> _Required work_
Keeping every word the same, give again only the lines from the one with "6.attēls. Mārtiņa zīmējums." through the end of the data, both included, and leave every picture out.
----------
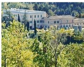
Istituto Agrario Macerata

Contrada Lornano, 6 - 62100 Macerata (MC)
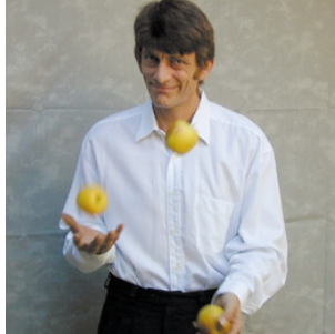
Jongleur und Pantomime
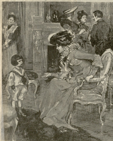
დედა. ენთ, როგორ არა გრცხენიან, კიდეც მგლი ნაშანი შიკილია სეილაში, სომ გეიყვარბება დღეს!..
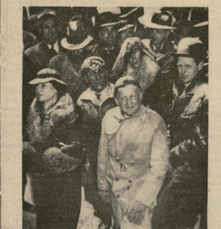
A pesar de la nevada, la acostumbrada multitud, tal vez mayor ayer, espera turno pacientemente para entrar al tribunal de Flemington, donde se juzga a Bruno Richard Hauptmann.
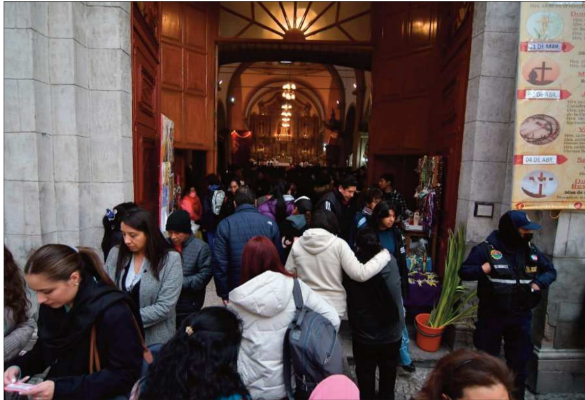
TRADICIÓN. Cientos de fieles se volcaron a las calles para visitar al menos siete templos en La Paz.

Asimismo, recordó que el Jueves Santo marca el inicio del Triduo Pascual, con actividades centrales como la renovación de votos sacerdotales y la celebración de la Última Cena del Señor, que incluye
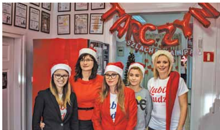
Szlachetna Paczka odbyła się w Tarczynie po raz pierwszy, ale na pewno nie ostatni

im tego, czego najbardziej potrzebują do normalnego funkcjonowania. Tak byłoby najprościej, wybrać inną rodzinę. Ale druga myśl – kto im pomoże? Każdy może zmienić wybór rodziny na łatwiejszy do realizacji, oni swego życia nie zmienią bez pomocy innych. Nie mogłam... nie szukałam innej rodziny
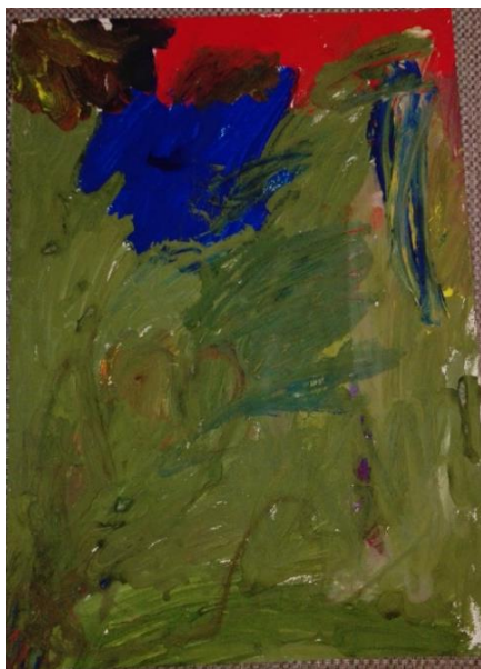
6.attēls. Mārtiņa zīmējums.

Renāte stāsta ar lielu izteiksmi, viņa iejūtas un iztēlojas tēlus, bērni izteica komplimentus, par skaisto zīmējumu, tas viņā stimulēja vēlmi darboties vēl un radīt ko jaunu, Renāte jutās pacilāta un gandarīta par paveikto darbu.
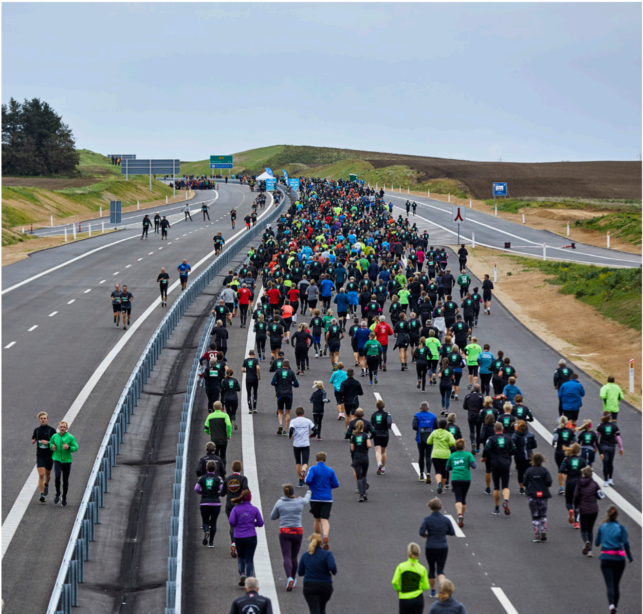
Vejfest i Vest
----------
> _Answer section_
6.attēls. Mārtiņa zīmējums.

Renāte stāsta ar lielu izteiksmi, viņa iejūtas un iztēlojas tēlus, bērni izteica komplimentus, par skaisto zīmējumu, tas viņā stimulēja vēlmi darboties vēl un radīt ko jaunu, Renāte jutās pacilāta un gandarīta par paveikto darbu.
Vejfest i Vest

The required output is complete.